# INSTRUCTIONS FOR THE TASK:
Retype exactly what appears below from the line containing "ローズクォーツとインプレッションストーンのブレスレット" down to the line containing "In my next picture", keeping both end lines. Do not include pictures.

# TASK MATERIAL:
::::
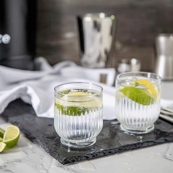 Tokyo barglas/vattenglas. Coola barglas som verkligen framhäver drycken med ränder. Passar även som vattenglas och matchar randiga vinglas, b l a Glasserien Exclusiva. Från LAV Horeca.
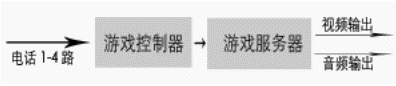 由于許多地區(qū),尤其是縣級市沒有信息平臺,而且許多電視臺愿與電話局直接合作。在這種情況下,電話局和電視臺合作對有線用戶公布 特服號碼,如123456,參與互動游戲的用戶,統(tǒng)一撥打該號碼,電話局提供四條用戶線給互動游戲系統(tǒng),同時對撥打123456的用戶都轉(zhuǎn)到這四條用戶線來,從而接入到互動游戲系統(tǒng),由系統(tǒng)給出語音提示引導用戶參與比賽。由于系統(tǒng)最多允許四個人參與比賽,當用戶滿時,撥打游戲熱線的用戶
::::
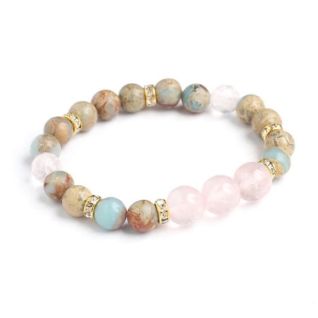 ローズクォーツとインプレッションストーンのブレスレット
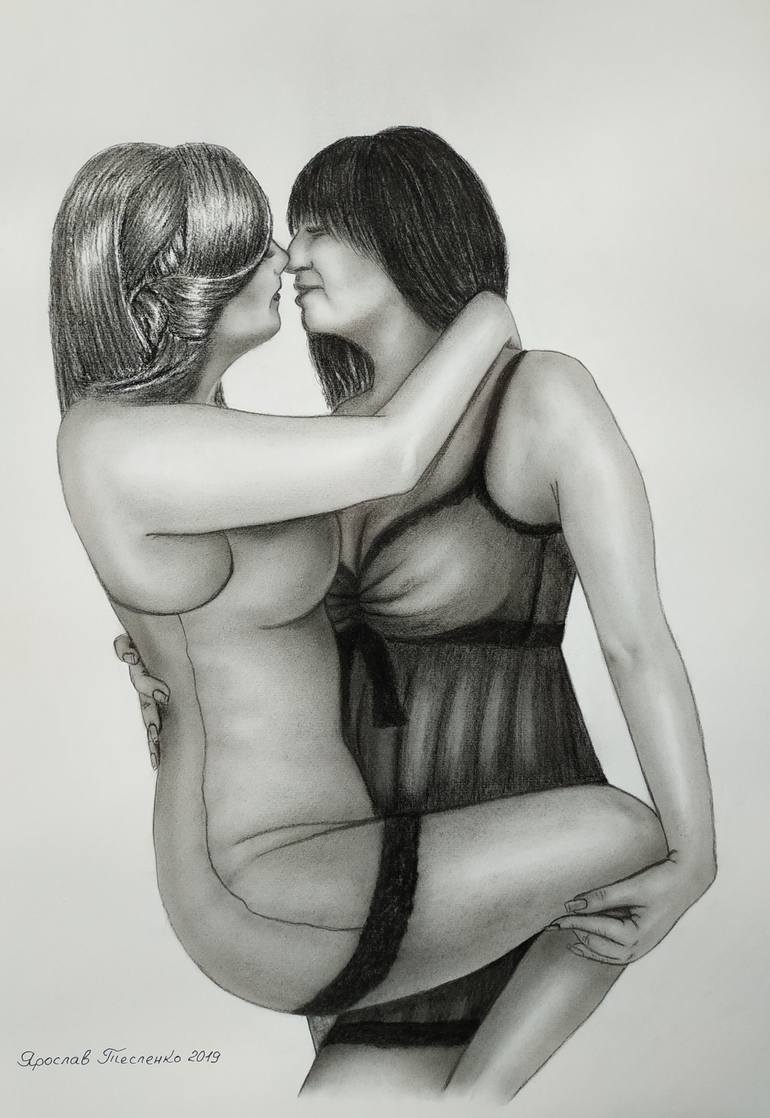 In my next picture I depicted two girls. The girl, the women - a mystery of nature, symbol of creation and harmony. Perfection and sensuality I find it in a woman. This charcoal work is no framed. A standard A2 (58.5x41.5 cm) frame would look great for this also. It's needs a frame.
::::
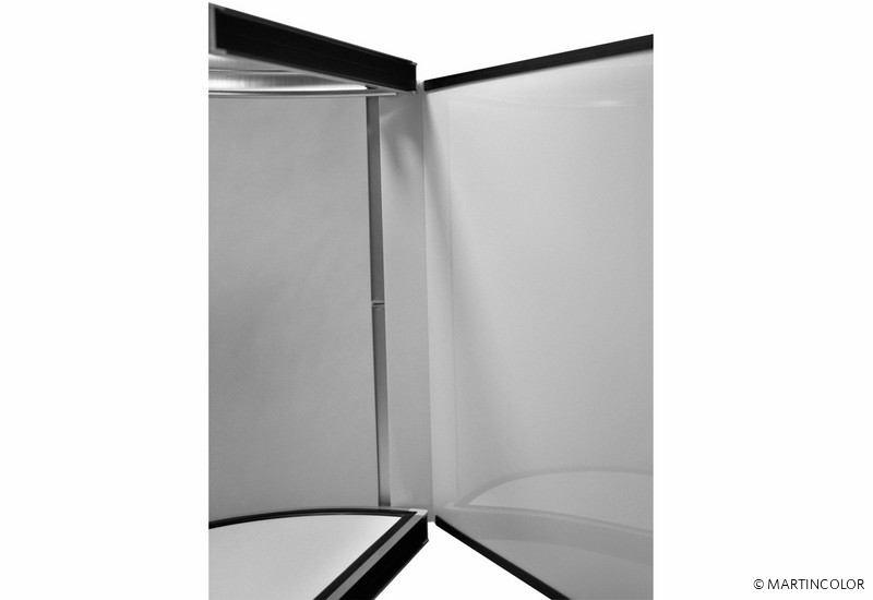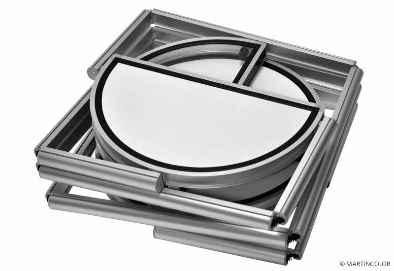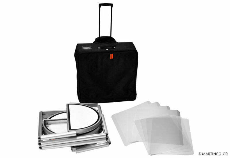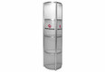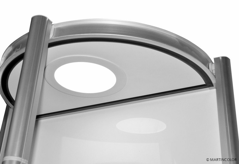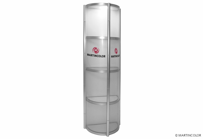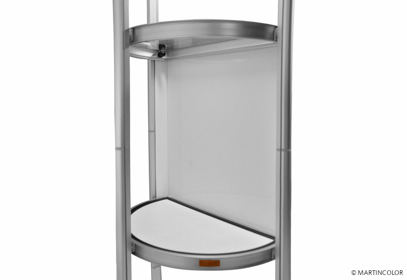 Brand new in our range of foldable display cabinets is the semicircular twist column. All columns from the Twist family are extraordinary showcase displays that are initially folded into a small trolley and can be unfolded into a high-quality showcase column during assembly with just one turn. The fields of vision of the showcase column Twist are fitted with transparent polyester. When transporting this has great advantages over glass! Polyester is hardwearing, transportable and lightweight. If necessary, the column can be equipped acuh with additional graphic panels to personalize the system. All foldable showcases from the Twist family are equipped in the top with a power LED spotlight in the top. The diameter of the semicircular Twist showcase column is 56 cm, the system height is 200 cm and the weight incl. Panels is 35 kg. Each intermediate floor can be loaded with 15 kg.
::::
# OUTPUT FOR THIS TASK:
 ローズクォーツとインプレッションストーンのブレスレット
 In my next picture I depicted two girls. The girl, the women - a mystery of nature, symbol of creation and harmony. Perfection and sensuality I find it in a woman. This charcoal work is no framed. A standard A2 (58.5x41.5 cm) frame would look great for this also. It's needs a frame.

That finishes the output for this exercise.